Collected data entries
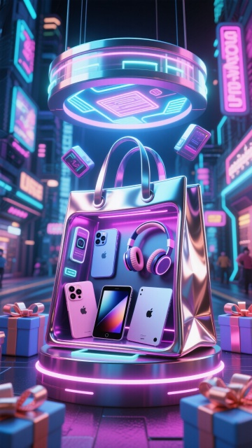 赛博朋克风3D城市夜景,霓虹灯辉映“11.11”悬浮字样,购物车满载手机飞驰于高楼间,粒子光效与虚拟现实元素交织,酷炫未来感十足。
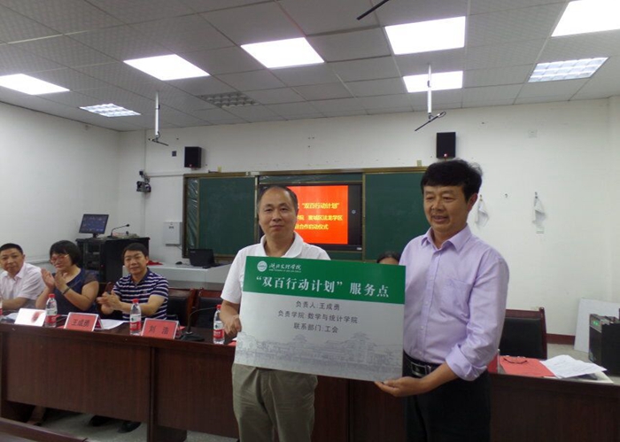 (数学与统计学院 通讯员 耿付荃)6月1日下午,数学与统计学院到“双百行动计划”服务点襄城区法龙学区举行项目合作启动仪式。数学与统计学院党委书记刘浩、院长王成勇、襄城区欧庙镇镇长张栋梁、襄城区教育局继教中心主任郑艳、襄城区法龙学区党总支书记、校长郑思发、襄城区法龙中学党支部书记、副校长袁光宏出席项目合作启动仪式。
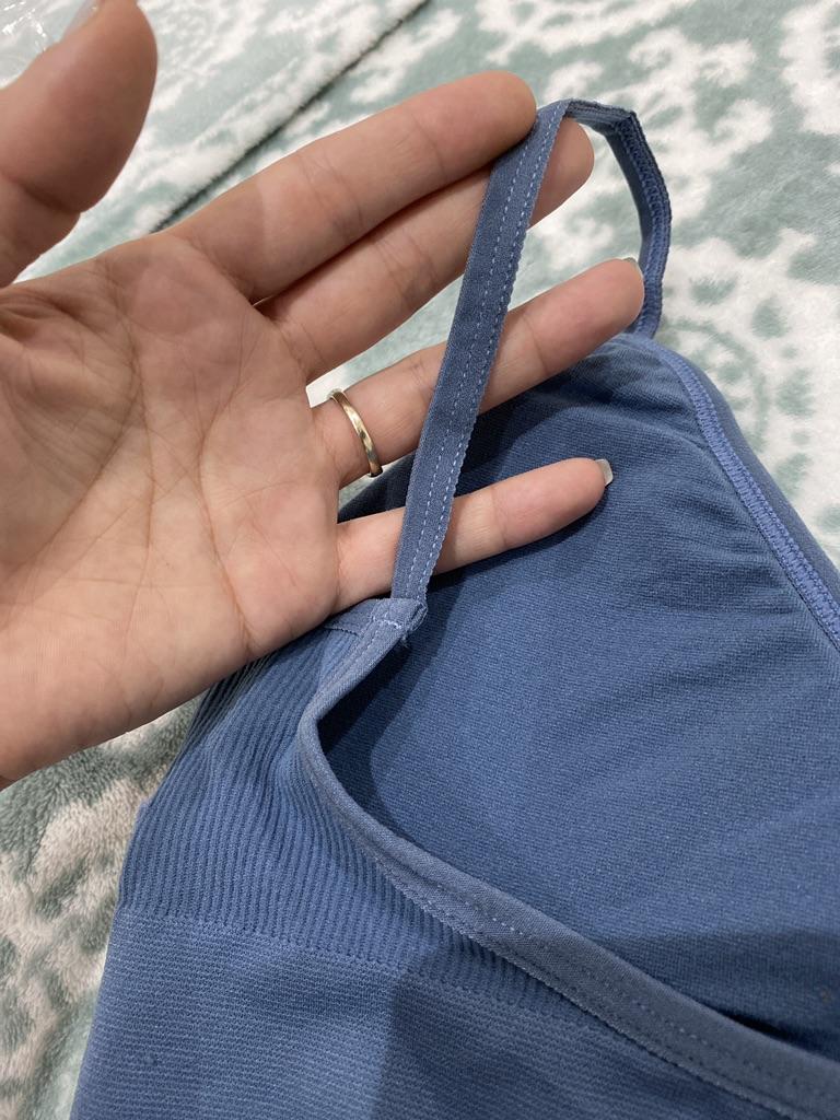 Material elástico. Ótimo ajuste. O top tem costas baixas e alças finas, e acolchoado também!
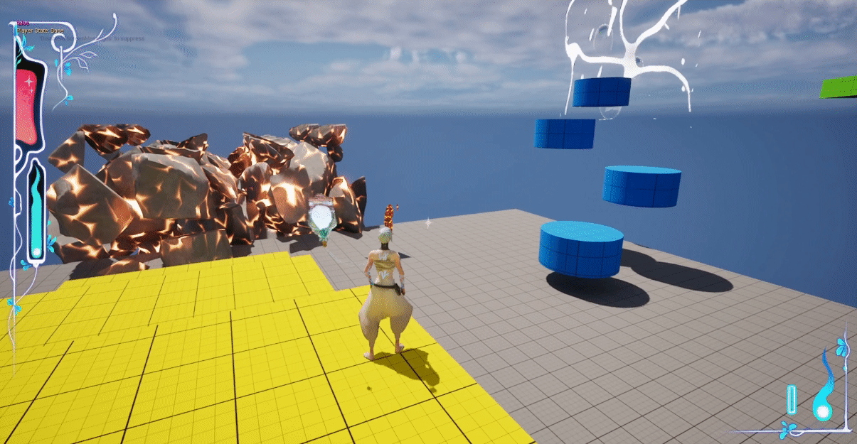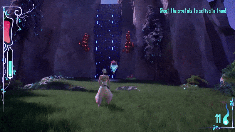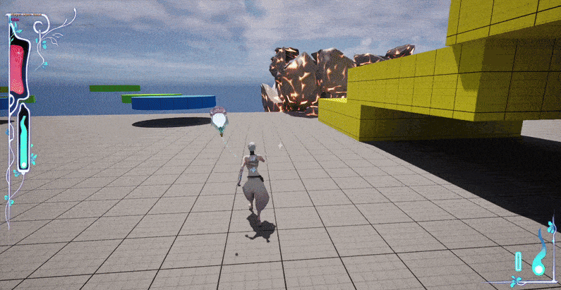 As a result, the player combat was seamlessly integrated with the core gliding mechanic. Players were able to engage in combat while gliding through the level, defeating enemies and activating interactive crystals. The aim assist and zoomed aiming mechanics provided players with subtle aid, which was especially beneficial to controller users. The combat remained quite simple as the game is only a demo, and new players already have the challenge of learning how to glide and attack. This also enabled the goal of showing off the world and assets that the visual art students made, as the gameplay was a bit more laid back.
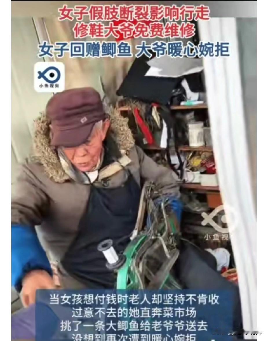泪目!女子假肢断裂寸步难行,修鞋大爷免费修3小时,回赠鲫鱼却被这样婉拒 “咔嗒”一声脆响,让独自买菜的李女士瞬间僵在原地——她左腿的假肢突然断裂,金属支架与脚板连接处彻底脱节,身体失去平衡的她险些摔倒,只能扶着路边的电线杆勉强支撑。这本是2月4日无锡街头一个令人揪心的场景,却因一位修鞋大爷的暖心之举,酿成了全网刷屏的温情故事,而维修过程中的意外反转,更让无数网友直呼“破防”。 今年32岁的李女士,十年前因一场车祸失去左腿,安装的普通假肢成为她行走的依赖。“这副假肢花了1万多,已经用了5年,本想再凑合用段时间,没想到突然断了。”李女士回忆,当时她刚买完菜准备回家,假肢断裂后,残肢与破损的接受腔摩擦,疼得她额头直冒冷汗。更让她焦虑的是,咨询过假肢厂家后得知,仅维修费用就需要2000多元,更换核心部件更是要近5000元,这对月薪三千的她来说无疑是一笔巨款 。 正当李女士坐在路边无助落泪时,路过的修鞋大爷王师傅停下了脚步。今年68岁的王师傅,在小区门口摆摊修鞋已有二十余年,工具包里的锤子、针线、胶水陪伴他温暖了无数邻里。“姑娘,你这是咋了?”王师傅见状立刻上前搀扶,得知假肢断裂的情况后,他仔细查看了破损部位:“这是连接轴断了,还有支架变形,修起来有点麻烦,但应该能凑合用。” 李女士半信半疑地跟着王师傅来到修鞋摊,本以为只是简单修补,没想到这一修就是整整3个小时。王师傅先是用老虎钳小心翼翼矫正变形的金属支架,又找来高强度粘合剂固定松动的部件,还特意用厚橡胶片加固了受力点。“假肢不是普通鞋子,关乎走路安全,一丝一毫都不能马虎。”王师傅一边忙活,一边时不时询问李女士的感受,手上的老茧在金属部件上磨得发红。 期间发生的第一个反转,让李女士既意外又感动。当她主动询问维修费用时,王师傅头也不抬地说:“不用给钱,姑娘你生活不容易,能帮上忙就好。”李女士再三坚持,王师傅却摆了摆手:“我修鞋是为了方便大家,不是为了赚大钱,这点活儿不算啥。”更让人没想到的是,维修到一半时,王师傅发现假肢的接受腔也有磨损,担心影响使用,又特意回家取来自己珍藏的软质皮革,免费为李女士加固内衬,“这样残肢就不会磨得疼了”。 要知道,对于假肢使用者而言,这类维修并非普通手艺能胜任。专业机构的维修不仅价格高昂,还需要等待数天,而王师傅仅凭修鞋的经验,硬生生攻克了难题。据了解,普通假肢的维修费用往往占原价的30%-50%,像李女士这样的情况,专业维修至少需要一周时间,王师傅的“跨界救援”,不仅省了费用,更解了她的燃眉之急。 傍晚时分,假肢终于修好,李女士试着走了几步,平稳度竟和之前相差无几。满心感激的她,想起刚买的新鲜鲫鱼,立刻从菜袋里拿出两条最大的递给王师傅:“大爷,这鱼您收下,不值钱但也是我的心意。”然而,第二个反转悄然出现——王师傅笑着婉拒了:“姑娘,你快拿回去补补身体,我修鞋不是为了要东西。你能好好走路,比啥都强。” 见李女士坚持要表达谢意,王师傅才松口:“要不这样,你以后要是鞋子坏了、衣服破了,随时来找我,我给你免费修,这鱼你赶紧带回家做着吃。”这番朴实的话语,让李女士当场红了眼眶,她将这段经历拍成视频发到网上,配文“平凡的人,给了我最温暖的感动”,短短一天就收获了145万点赞和6万多条评论。 网友们纷纷被王师傅的善举打动:“这才是真正的手艺人,不仅有手艺还有善心”“修的是假肢,暖的是人心,2000多的维修费说免就免,太让人敬佩了”“姑娘回赠鲫鱼的样子也很可爱,双向奔赴的善意最动人”。有网友分享类似经历:“我爷爷也是修鞋的,总说能帮就帮,老一辈的善良真的刻在骨子里”,也有专业网友科普:“假肢维修需要专业技术,大爷愿意花3小时免费修,这份耐心比金钱更珍贵”。 结语 一场意外的假肢断裂,让我们看到了生活的不易,更见证了人间的温情。王师傅用二十余年的修鞋手艺,修补的不仅是破损的假肢,更是困境中的希望;他婉拒鲫鱼的背后,是老一辈手艺人“能帮就帮”的朴素信仰,正如那些社区里的维修“多面手”,用不起眼的手艺传递着炙热的民生温度 。而李女士的感恩之举,也让这份善意形成了温暖的闭环。 在这个快节奏的时代,这样的双向奔赴格外珍贵。它告诉我们,善良从不需要惊天动地,一句关心、一次援手,就能点亮他人的生活。你身边有没有这样默默付出的手艺人?你经历过哪些陌生人的善意瞬间?欢迎在评论区分享你的故事,让温暖继续传递!

Task statement: Your answer must be the entries repeated exactly, with no pictures.

Expected answer:
 赛博朋克风3D城市夜景,霓虹灯辉映“11.11”悬浮字样,购物车满载手机飞驰于高楼间,粒子光效与虚拟现实元素交织,酷炫未来感十足。
 (数学与统计学院 通讯员 耿付荃)6月1日下午,数学与统计学院到“双百行动计划”服务点襄城区法龙学区举行项目合作启动仪式。数学与统计学院党委书记刘浩、院长王成勇、襄城区欧庙镇镇长张栋梁、襄城区教育局继教中心主任郑艳、襄城区法龙学区党总支书记、校长郑思发、襄城区法龙中学党支部书记、副校长袁光宏出席项目合作启动仪式。
 Material elástico. Ótimo ajuste. O top tem costas baixas e alças finas, e acolchoado também!
 As a result, the player combat was seamlessly integrated with the core gliding mechanic. Players were able to engage in combat while gliding through the level, defeating enemies and activating interactive crystals. The aim assist and zoomed aiming mechanics provided players with subtle aid, which was especially beneficial to controller users. The combat remained quite simple as the game is only a demo, and new players already have the challenge of learning how to glide and attack. This also enabled the goal of showing off the world and assets that the visual art students made, as the gameplay was a bit more laid back.
泪目!女子假肢断裂寸步难行,修鞋大爷免费修3小时,回赠鲫鱼却被这样婉拒 “咔嗒”一声脆响,让独自买菜的李女士瞬间僵在原地——她左腿的假肢突然断裂,金属支架与脚板连接处彻底脱节,身体失去平衡的她险些摔倒,只能扶着路边的电线杆勉强支撑。这本是2月4日无锡街头一个令人揪心的场景,却因一位修鞋大爷的暖心之举,酿成了全网刷屏的温情故事,而维修过程中的意外反转,更让无数网友直呼“破防”。 今年32岁的李女士,十年前因一场车祸失去左腿,安装的普通假肢成为她行走的依赖。“这副假肢花了1万多,已经用了5年,本想再凑合用段时间,没想到突然断了。”李女士回忆,当时她刚买完菜准备回家,假肢断裂后,残肢与破损的接受腔摩擦,疼得她额头直冒冷汗。更让她焦虑的是,咨询过假肢厂家后得知,仅维修费用就需要2000多元,更换核心部件更是要近5000元,这对月薪三千的她来说无疑是一笔巨款 。 正当李女士坐在路边无助落泪时,路过的修鞋大爷王师傅停下了脚步。今年68岁的王师傅,在小区门口摆摊修鞋已有二十余年,工具包里的锤子、针线、胶水陪伴他温暖了无数邻里。“姑娘,你这是咋了?”王师傅见状立刻上前搀扶,得知假肢断裂的情况后,他仔细查看了破损部位:“这是连接轴断了,还有支架变形,修起来有点麻烦,但应该能凑合用。” 李女士半信半疑地跟着王师傅来到修鞋摊,本以为只是简单修补,没想到这一修就是整整3个小时。王师傅先是用老虎钳小心翼翼矫正变形的金属支架,又找来高强度粘合剂固定松动的部件,还特意用厚橡胶片加固了受力点。“假肢不是普通鞋子,关乎走路安全,一丝一毫都不能马虎。”王师傅一边忙活,一边时不时询问李女士的感受,手上的老茧在金属部件上磨得发红。 期间发生的第一个反转,让李女士既意外又感动。当她主动询问维修费用时,王师傅头也不抬地说:“不用给钱,姑娘你生活不容易,能帮上忙就好。”李女士再三坚持,王师傅却摆了摆手:“我修鞋是为了方便大家,不是为了赚大钱,这点活儿不算啥。”更让人没想到的是,维修到一半时,王师傅发现假肢的接受腔也有磨损,担心影响使用,又特意回家取来自己珍藏的软质皮革,免费为李女士加固内衬,“这样残肢就不会磨得疼了”。 要知道,对于假肢使用者而言,这类维修并非普通手艺能胜任。专业机构的维修不仅价格高昂,还需要等待数天,而王师傅仅凭修鞋的经验,硬生生攻克了难题。据了解,普通假肢的维修费用往往占原价的30%-50%,像李女士这样的情况,专业维修至少需要一周时间,王师傅的“跨界救援”,不仅省了费用,更解了她的燃眉之急。 傍晚时分,假肢终于修好,李女士试着走了几步,平稳度竟和之前相差无几。满心感激的她,想起刚买的新鲜鲫鱼,立刻从菜袋里拿出两条最大的递给王师傅:“大爷,这鱼您收下,不值钱但也是我的心意。”然而,第二个反转悄然出现——王师傅笑着婉拒了:“姑娘,你快拿回去补补身体,我修鞋不是为了要东西。你能好好走路,比啥都强。” 见李女士坚持要表达谢意,王师傅才松口:“要不这样,你以后要是鞋子坏了、衣服破了,随时来找我,我给你免费修,这鱼你赶紧带回家做着吃。”这番朴实的话语,让李女士当场红了眼眶,她将这段经历拍成视频发到网上,配文“平凡的人,给了我最温暖的感动”,短短一天就收获了145万点赞和6万多条评论。 网友们纷纷被王师傅的善举打动:“这才是真正的手艺人,不仅有手艺还有善心”“修的是假肢,暖的是人心,2000多的维修费说免就免,太让人敬佩了”“姑娘回赠鲫鱼的样子也很可爱,双向奔赴的善意最动人”。有网友分享类似经历:“我爷爷也是修鞋的,总说能帮就帮,老一辈的善良真的刻在骨子里”,也有专业网友科普:“假肢维修需要专业技术,大爷愿意花3小时免费修,这份耐心比金钱更珍贵”。 结语 一场意外的假肢断裂,让我们看到了生活的不易,更见证了人间的温情。王师傅用二十余年的修鞋手艺,修补的不仅是破损的假肢,更是困境中的希望;他婉拒鲫鱼的背后,是老一辈手艺人“能帮就帮”的朴素信仰,正如那些社区里的维修“多面手”,用不起眼的手艺传递着炙热的民生温度 。而李女士的感恩之举,也让这份善意形成了温暖的闭环。 在这个快节奏的时代,这样的双向奔赴格外珍贵。它告诉我们,善良从不需要惊天动地,一句关心、一次援手,就能点亮他人的生活。你身边有没有这样默默付出的手艺人?你经历过哪些陌生人的善意瞬间?欢迎在评论区分享你的故事,让温暖继续传递!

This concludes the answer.